Something like this never happens, it's unheard of. I checked the auction every day until it ended and for what I can only imagine as a combination of skepticism and a steep asking price, I won the thing as the lone bidder for around the price of a Mexican Fender Stratocaster (about $300-$400). I was floored - still am. The seller said that he rented out tour buses in the 90s, and had Green Day take one of his buses out on a leg of the Nimrod tour. While cleaning out the bus afterwards, this guy found the neck abandoned in a closet. The band never returned his calls about this heavily road-worn used neck. 14 years later, he lists it on eBay.

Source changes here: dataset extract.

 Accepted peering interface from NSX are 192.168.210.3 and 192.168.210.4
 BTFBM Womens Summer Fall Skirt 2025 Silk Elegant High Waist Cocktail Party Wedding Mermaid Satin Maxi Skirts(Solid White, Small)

Around 1997-98, Billie Joe had Fender make him at least one copy of his stickered Stratocaster affectionately named "Blue." It had stickers from The Crumbs and D Generation on it with the Fender logo brazenly sanded off of the headstock. This was the first guitar I thought to compare with the eBay item. The birdseye marks and fretboard dirt match up to a T with several photos and videos. This is the one! I was hardly a skeptic, as to its authenticity, but only to which exact guitar of Billie's the neck came from. A telltale sign, though, was that Billie Joe signed the neck "BJ - Green Day" in pen below Fender's date stamp, which shows an illegible month and the 4th day of 1997. Scrawled in light pencil also reads "baby blue."
Fender marketing confirmed that it's a Fender, and I found out myself that this neck was on a guitar played at such infamous televised performances as MTV's Live At The Ten Spot and HBO's Reverb from Vancouver. I wasn't planning on owning any more guitars but felt obligated to do the right thing. I went ahead and purchased a daphne blue Fender 50s Classic Series body, the GraphTec saddles, a Seymour Duncan JB, and all the other parts needed. I essentially recreated the guitar as a whole that his neck was supposedly smashed right off of, as the story goes. The fat 50s style neck fits so comfortably in my hand, complimented with the worn down thin-style frets. Billie even left a set of after-market Sperzel locking tuners on the thing.
The luthier who helped assemble this had trouble fitting the neck to the body. So was this neck really custom made then? Does the original "Blue" have a slightly larger dimension at the heel? All these little questions are serious in nature to a guitar player, and the man with the answers is none other than the guy whose poster is on the walls of millions of teenagers, and whose influence still to this day pervades punk scenes of all ages, countries, and continents. Rock 'n roll!